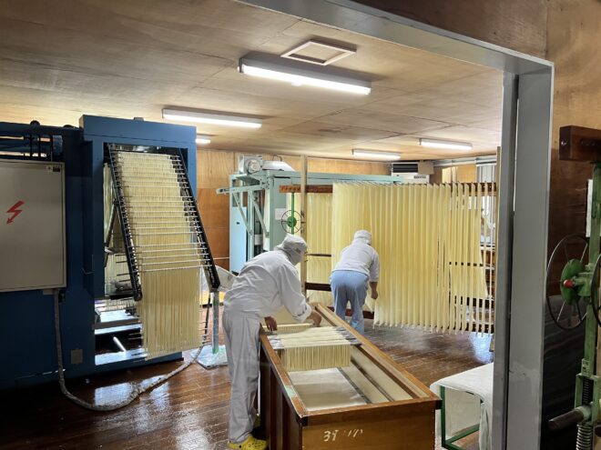 手延べそうめんは非常に工程が多く、早朝から仕込みがスタートし、作業の多くが手仕事で行われています。
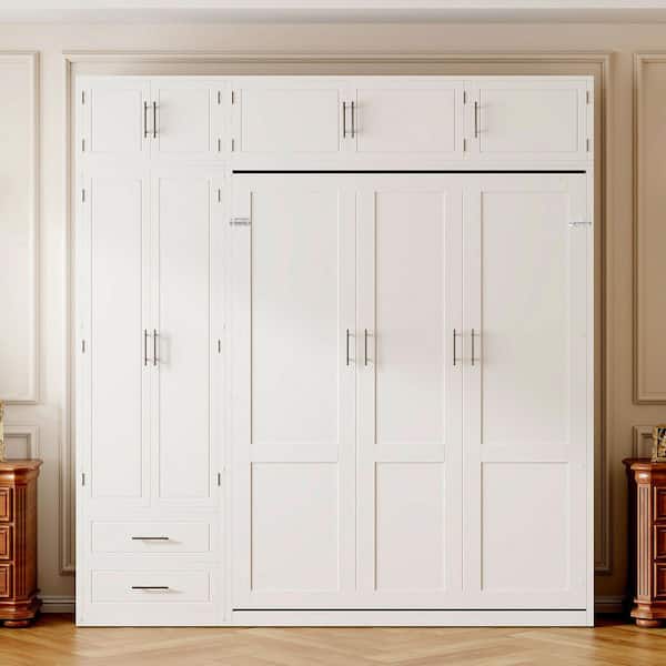 White Wood Frame Queen Size Wall Murphy Bed with Top Cabinet, Shelves and Wardrobe
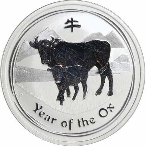 The reverse depicts a mother ox with her calf standing in a rice field, framed by distant mountains and a flowing river. Above them appears the Chinese character (牛) for “Ox,” while at the base is the inscription “Year of the Ox.” This touching family scene highlights the values of diligence, loyalty, and harmony, which are central to the zodiac sign. In Chinese culture, those born under the Ox are known for their perseverance and reliability and the Perth Mint “P” mintmark is included at the left side.
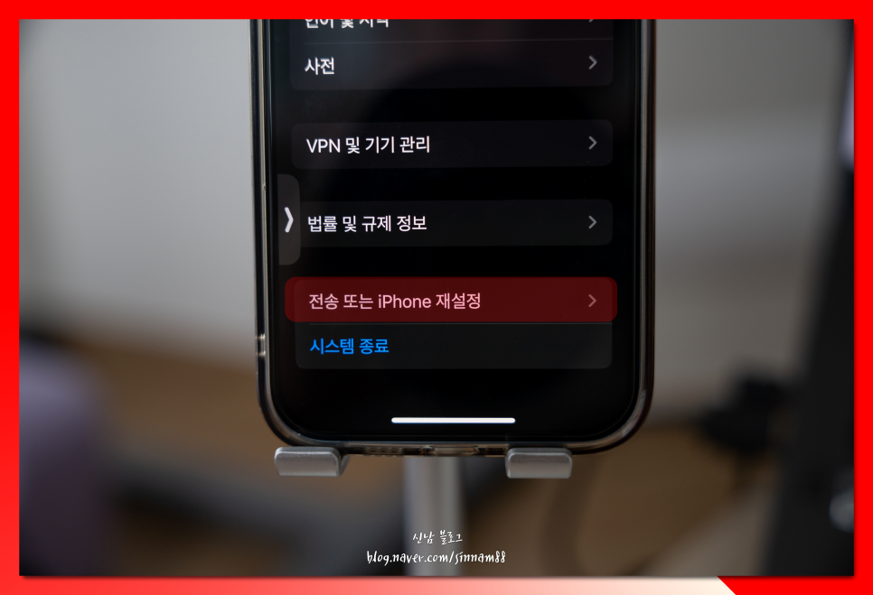 3. <전송 또는 iphone 재설정>탭을 누릅니다.
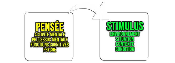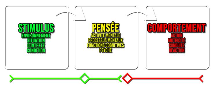 Une première manière d’agencer ces boîtes serait d’ignorer le boîte des pensées. Telle une boîte noire inaccessible. On se retrouve avec une approche comportementaliste (béhavioriste) de la psychologie où tout ce que l’on peut observer et mesurer c’est ce qu’il y a en amont – le stimulus – et en aval – la réponse comportementale. Un peu comme un réflexe oui. Comme si tous nos comportements étaient des réflexes ou des automatismes appris.
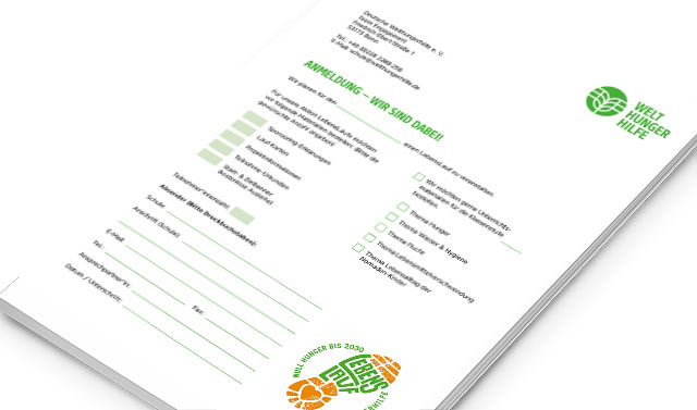 Los geht es: Anmelden, Materialien bestellen, Infos zur Schulstunde anfordern und loslegen! Mit deinem LebensLauf machen du und deine (Mit-)Schüler*innen dem weltweiten Hunger Beine. Seit 2016 fließen alle LebensLauf-Spenden in Bildungsprojekte der Welthungerhilfe - denn Bildung ist der Schlüssel für ein besseres und selbstbestimmtes Leben.
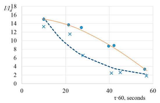 Increases in the intensity of mass transfer between propane and water when a high-speed mixer is used, compared to free diffusion mode: ×-fixed interphase surface; - mixer rotation speed is 92 rpm.
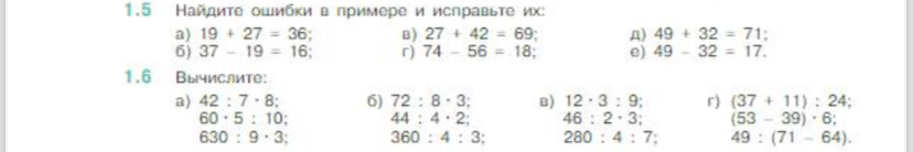 В задании 1.5 нам предлагают найти ошибки в примерах и исправить их. Мы будем просто правильно считать и после знака равно ставить нужную цифру. А в задании 1.6 предлагают произвести вычисления. И так задание 1.5 , поехали: а) 19+27=46 б) 37-19=18 в) 27+42=69 г) 74-56=18 д) 49+32=81 е) 49-32=17 Задание 1.6 а) 42:7•8=48 60•5:10=30 630:9•3=210 б) 72:8•3=27 44:4•2=22 360:4:3=30 в) 12•3:9=4 46:2•3=69 280:4:7=10 г) (37+11):24=2 (53-39)•6=84 49:(71-64)=7 Ну вот и все!Всем удачи! Напишите в комментарии, чего не хватает в статье!
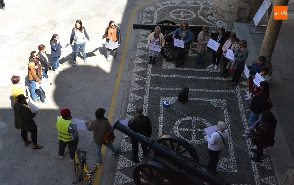 La conmemoración de este año, desarrollada a los pies de la Casa Consistorial ante la mirada curiosa de varios turistas, tuvo dos partes. Para empezar, la veintena de personas congregadas conformaron un círculo, permaneciendo varios minutos en silencio mientras lucían pancartas donde se reivindicaban salarios dignos, la prestación por desempleo, la inclusión en la Ley de Prevención de Riesgos Laborales, y el respeto a los descansos, vacaciones y festivos.
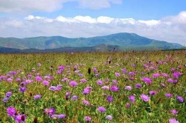 空中草原夏季气候温凉,花草茂盛,各色野花次第开放;云雾时常从山下升腾上来,抚地游走,人可“手摸白云天,脚踏花草地”。

ASSIGNMENT ::
Please reproduce exactly, and nothing more, the lines from the one containing "La conmemoración de" through the last line of the entries, both included; pictures stay out.

TASK ANSWER ::
 La conmemoración de este año, desarrollada a los pies de la Casa Consistorial ante la mirada curiosa de varios turistas, tuvo dos partes. Para empezar, la veintena de personas congregadas conformaron un círculo, permaneciendo varios minutos en silencio mientras lucían pancartas donde se reivindicaban salarios dignos, la prestación por desempleo, la inclusión en la Ley de Prevención de Riesgos Laborales, y el respeto a los descansos, vacaciones y festivos.
 空中草原夏季气候温凉,花草茂盛,各色野花次第开放;云雾时常从山下升腾上来,抚地游走,人可“手摸白云天,脚踏花草地”。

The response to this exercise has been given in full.